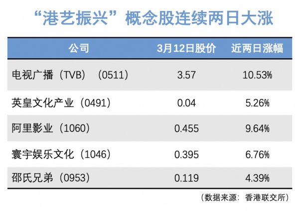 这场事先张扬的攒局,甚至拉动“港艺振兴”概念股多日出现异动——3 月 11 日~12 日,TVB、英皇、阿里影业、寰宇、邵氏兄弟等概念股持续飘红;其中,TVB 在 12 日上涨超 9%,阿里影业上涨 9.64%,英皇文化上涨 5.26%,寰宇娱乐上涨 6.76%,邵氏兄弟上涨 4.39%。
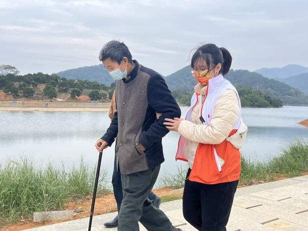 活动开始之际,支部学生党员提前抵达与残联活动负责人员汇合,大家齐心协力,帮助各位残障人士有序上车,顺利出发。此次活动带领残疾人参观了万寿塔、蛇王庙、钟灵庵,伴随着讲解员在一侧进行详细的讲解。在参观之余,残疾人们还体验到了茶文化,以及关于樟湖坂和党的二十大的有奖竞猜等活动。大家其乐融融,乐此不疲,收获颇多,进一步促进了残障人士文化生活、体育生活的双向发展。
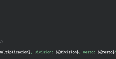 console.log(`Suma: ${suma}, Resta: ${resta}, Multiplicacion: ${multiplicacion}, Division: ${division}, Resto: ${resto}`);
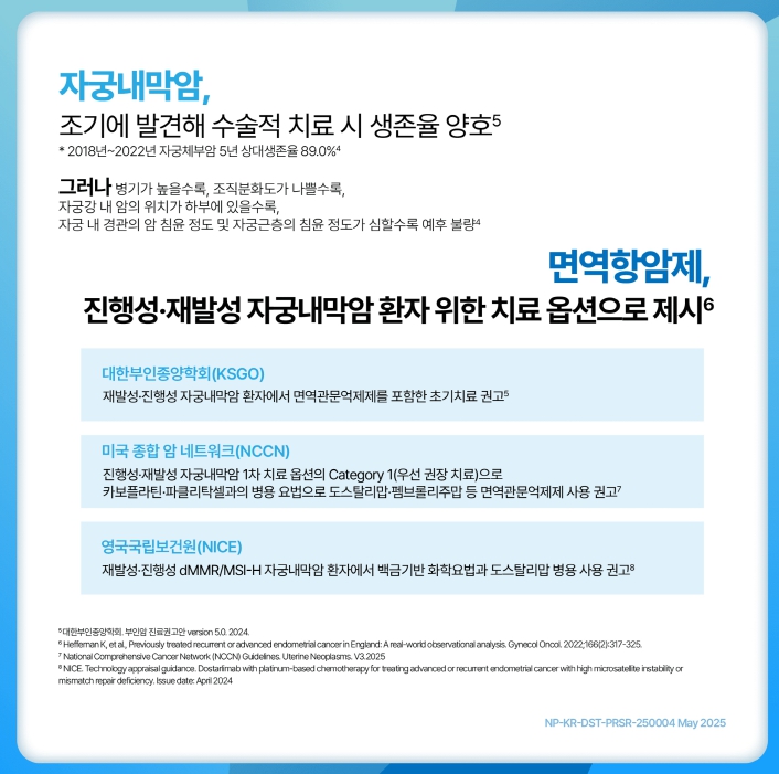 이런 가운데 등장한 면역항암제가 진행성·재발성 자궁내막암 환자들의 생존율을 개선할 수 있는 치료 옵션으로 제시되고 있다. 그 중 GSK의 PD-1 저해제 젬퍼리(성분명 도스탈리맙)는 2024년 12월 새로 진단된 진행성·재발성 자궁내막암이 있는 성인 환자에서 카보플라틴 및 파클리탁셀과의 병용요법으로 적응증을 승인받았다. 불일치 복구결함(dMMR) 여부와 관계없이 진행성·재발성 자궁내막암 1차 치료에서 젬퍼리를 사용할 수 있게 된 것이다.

......

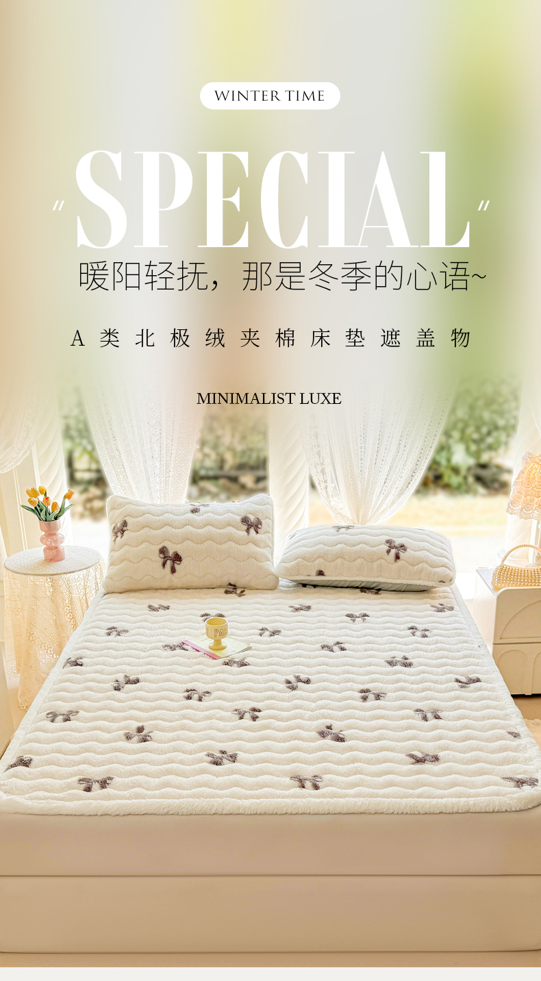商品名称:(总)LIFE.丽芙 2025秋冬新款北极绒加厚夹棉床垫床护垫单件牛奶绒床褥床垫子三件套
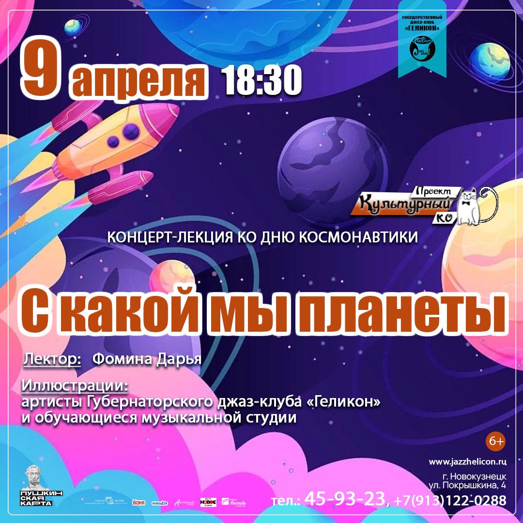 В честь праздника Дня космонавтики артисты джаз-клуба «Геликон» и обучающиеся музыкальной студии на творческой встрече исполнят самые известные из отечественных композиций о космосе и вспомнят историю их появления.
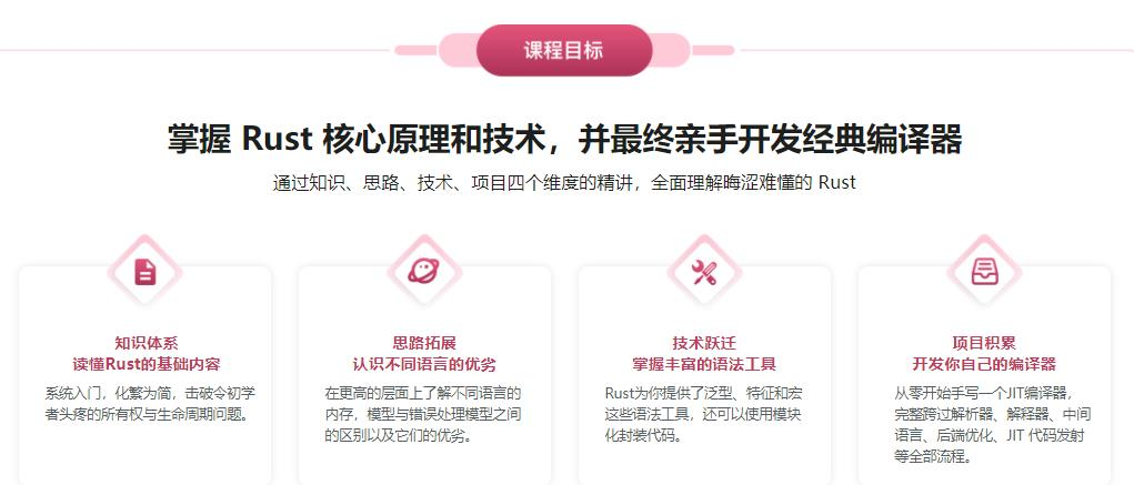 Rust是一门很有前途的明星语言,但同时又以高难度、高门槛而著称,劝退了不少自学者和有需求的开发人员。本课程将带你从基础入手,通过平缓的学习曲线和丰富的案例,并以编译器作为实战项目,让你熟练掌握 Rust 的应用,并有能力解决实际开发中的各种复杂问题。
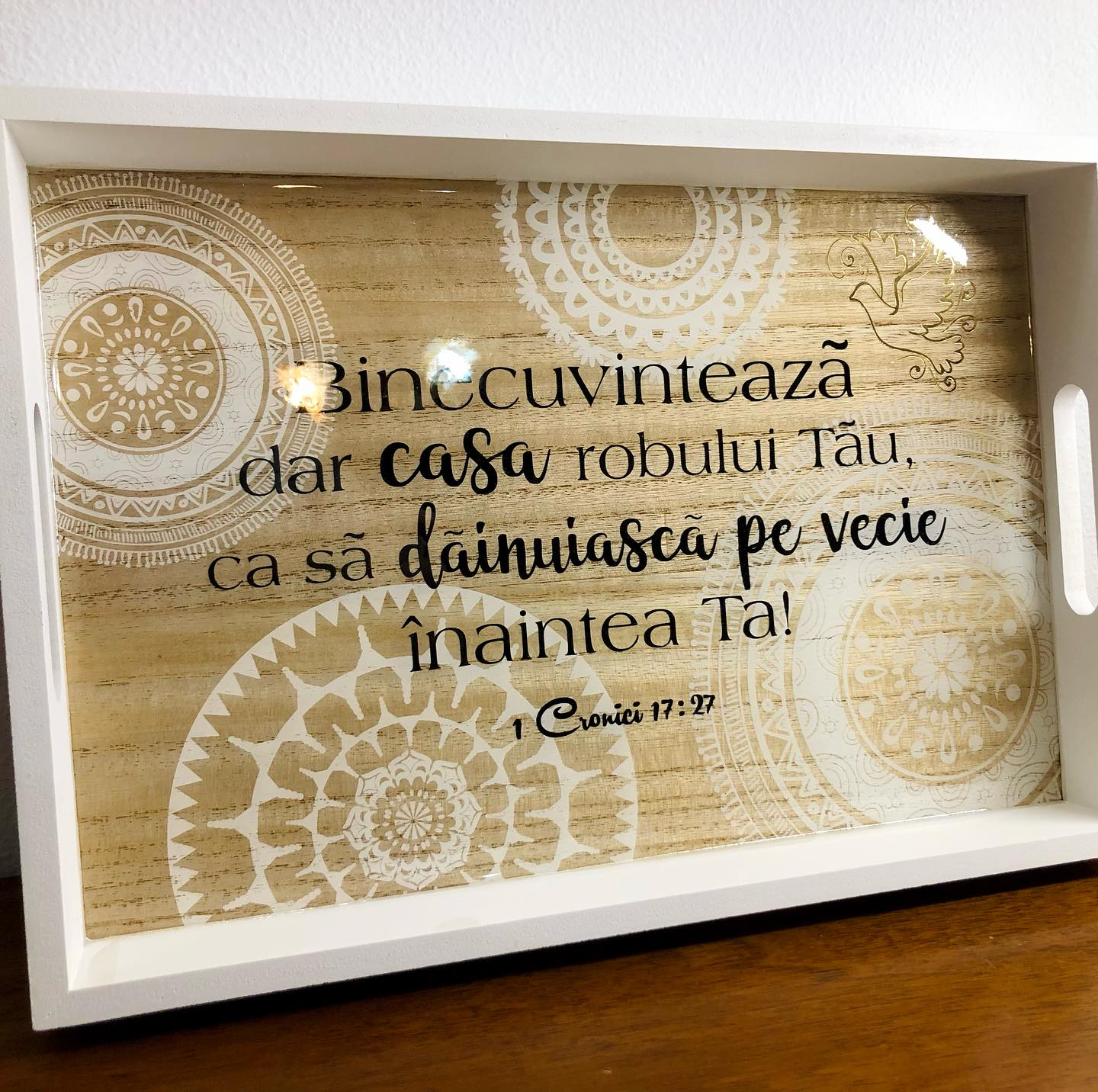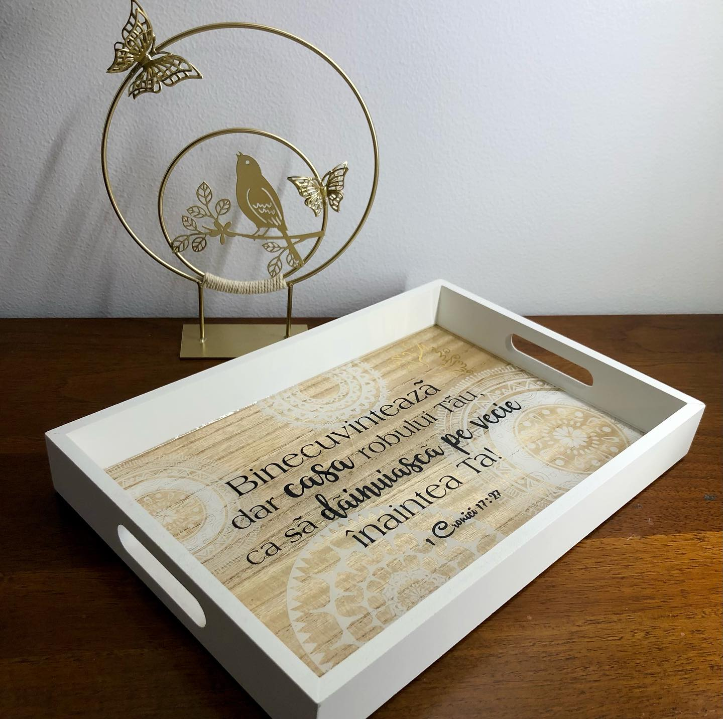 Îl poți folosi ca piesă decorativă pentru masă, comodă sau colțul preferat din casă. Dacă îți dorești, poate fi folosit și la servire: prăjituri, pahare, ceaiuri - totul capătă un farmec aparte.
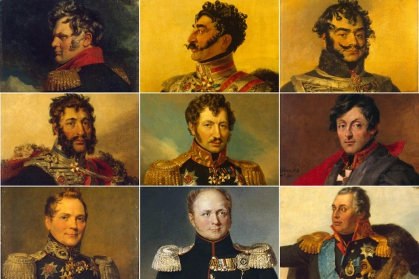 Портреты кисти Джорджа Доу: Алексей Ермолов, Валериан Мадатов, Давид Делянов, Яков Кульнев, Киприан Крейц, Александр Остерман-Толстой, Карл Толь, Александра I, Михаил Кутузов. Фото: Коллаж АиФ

......

▶ **Instructions for the task**
Go to the line above holding "5.26%,寰宇娱乐上涨 6.76%,邵氏兄弟上涨 4.39%。", then copy exactly each line down to and including the one holding "이런 가운데 등장한 면역항암제가", leaving pictures out.

▶ **Reply**
 这场事先张扬的攒局,甚至拉动“港艺振兴”概念股多日出现异动——3 月 11 日~12 日,TVB、英皇、阿里影业、寰宇、邵氏兄弟等概念股持续飘红;其中,TVB 在 12 日上涨超 9%,阿里影业上涨 9.64%,英皇文化上涨 5.26%,寰宇娱乐上涨 6.76%,邵氏兄弟上涨 4.39%。
 活动开始之际,支部学生党员提前抵达与残联活动负责人员汇合,大家齐心协力,帮助各位残障人士有序上车,顺利出发。此次活动带领残疾人参观了万寿塔、蛇王庙、钟灵庵,伴随着讲解员在一侧进行详细的讲解。在参观之余,残疾人们还体验到了茶文化,以及关于樟湖坂和党的二十大的有奖竞猜等活动。大家其乐融融,乐此不疲,收获颇多,进一步促进了残障人士文化生活、体育生活的双向发展。
 console.log(`Suma: ${suma}, Resta: ${resta}, Multiplicacion: ${multiplicacion}, Division: ${division}, Resto: ${resto}`);
 이런 가운데 등장한 면역항암제가 진행성·재발성 자궁내막암 환자들의 생존율을 개선할 수 있는 치료 옵션으로 제시되고 있다. 그 중 GSK의 PD-1 저해제 젬퍼리(성분명 도스탈리맙)는 2024년 12월 새로 진단된 진행성·재발성 자궁내막암이 있는 성인 환자에서 카보플라틴 및 파클리탁셀과의 병용요법으로 적응증을 승인받았다. 불일치 복구결함(dMMR) 여부와 관계없이 진행성·재발성 자궁내막암 1차 치료에서 젬퍼리를 사용할 수 있게 된 것이다.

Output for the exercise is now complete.